# TASK MATERIAL

****************

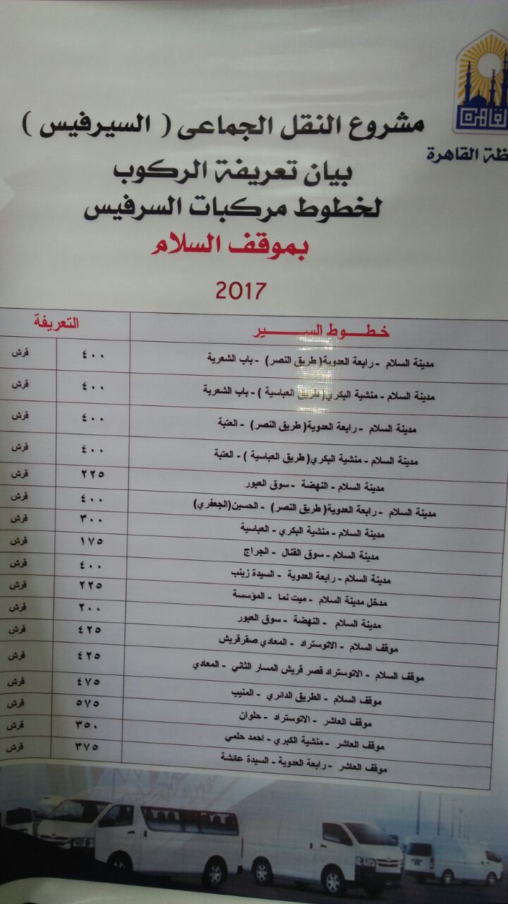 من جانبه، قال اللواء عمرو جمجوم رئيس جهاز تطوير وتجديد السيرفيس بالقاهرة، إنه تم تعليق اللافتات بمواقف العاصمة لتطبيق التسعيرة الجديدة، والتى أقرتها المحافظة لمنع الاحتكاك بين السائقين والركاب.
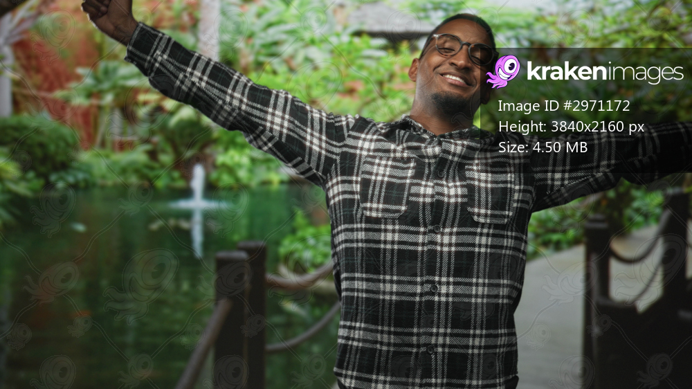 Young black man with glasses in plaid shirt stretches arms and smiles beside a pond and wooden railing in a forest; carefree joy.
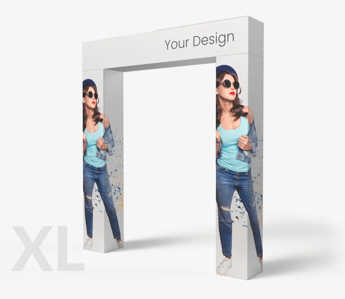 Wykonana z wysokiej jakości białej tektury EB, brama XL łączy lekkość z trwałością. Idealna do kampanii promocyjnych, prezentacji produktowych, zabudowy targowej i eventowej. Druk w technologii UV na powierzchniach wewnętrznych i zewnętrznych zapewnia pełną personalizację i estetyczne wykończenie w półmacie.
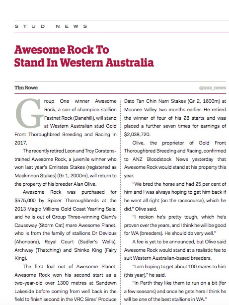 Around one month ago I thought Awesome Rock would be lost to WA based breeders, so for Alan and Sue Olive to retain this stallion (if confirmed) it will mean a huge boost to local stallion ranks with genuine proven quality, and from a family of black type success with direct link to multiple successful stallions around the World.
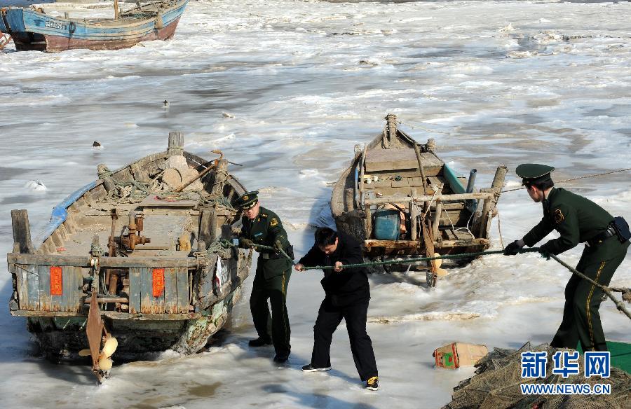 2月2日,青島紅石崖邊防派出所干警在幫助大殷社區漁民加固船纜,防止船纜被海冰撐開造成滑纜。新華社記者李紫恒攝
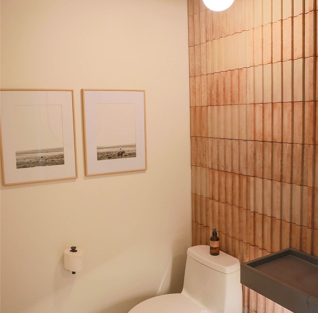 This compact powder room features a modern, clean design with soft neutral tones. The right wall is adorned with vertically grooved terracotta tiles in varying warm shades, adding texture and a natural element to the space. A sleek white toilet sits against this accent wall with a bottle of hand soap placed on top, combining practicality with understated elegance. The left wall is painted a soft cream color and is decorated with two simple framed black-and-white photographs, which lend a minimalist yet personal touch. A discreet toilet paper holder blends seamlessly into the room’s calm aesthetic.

****************

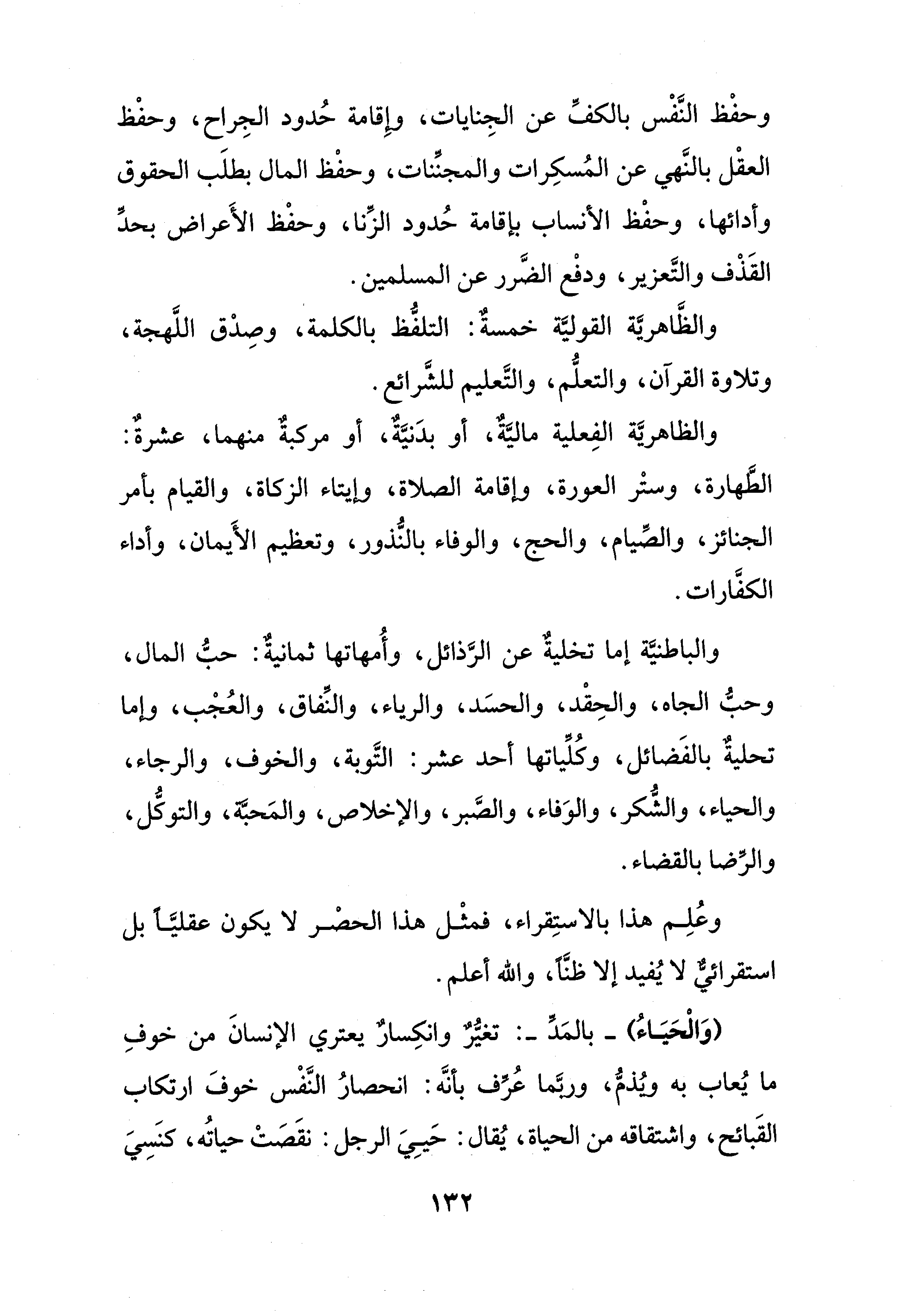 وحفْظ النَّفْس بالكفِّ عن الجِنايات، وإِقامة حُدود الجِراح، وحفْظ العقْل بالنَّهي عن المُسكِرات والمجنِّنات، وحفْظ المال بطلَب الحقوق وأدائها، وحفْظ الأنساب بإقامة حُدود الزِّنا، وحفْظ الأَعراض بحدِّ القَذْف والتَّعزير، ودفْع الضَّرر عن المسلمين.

****************

# EXERCISE BRIEF
Everything from the line with "2月2日,青島紅石崖邊防派出" down to the line with "This compact powder" in the data above should be copied exactly, with both end lines kept and the pictures left out.

# SOLUTION FOR THIS TASK
 2月2日,青島紅石崖邊防派出所干警在幫助大殷社區漁民加固船纜,防止船纜被海冰撐開造成滑纜。新華社記者李紫恒攝
 This compact powder room features a modern, clean design with soft neutral tones. The right wall is adorned with vertically grooved terracotta tiles in varying warm shades, adding texture and a natural element to the space. A sleek white toilet sits against this accent wall with a bottle of hand soap placed on top, combining practicality with understated elegance. The left wall is painted a soft cream color and is decorated with two simple framed black-and-white photographs, which lend a minimalist yet personal touch. A discreet toilet paper holder blends seamlessly into the room’s calm aesthetic.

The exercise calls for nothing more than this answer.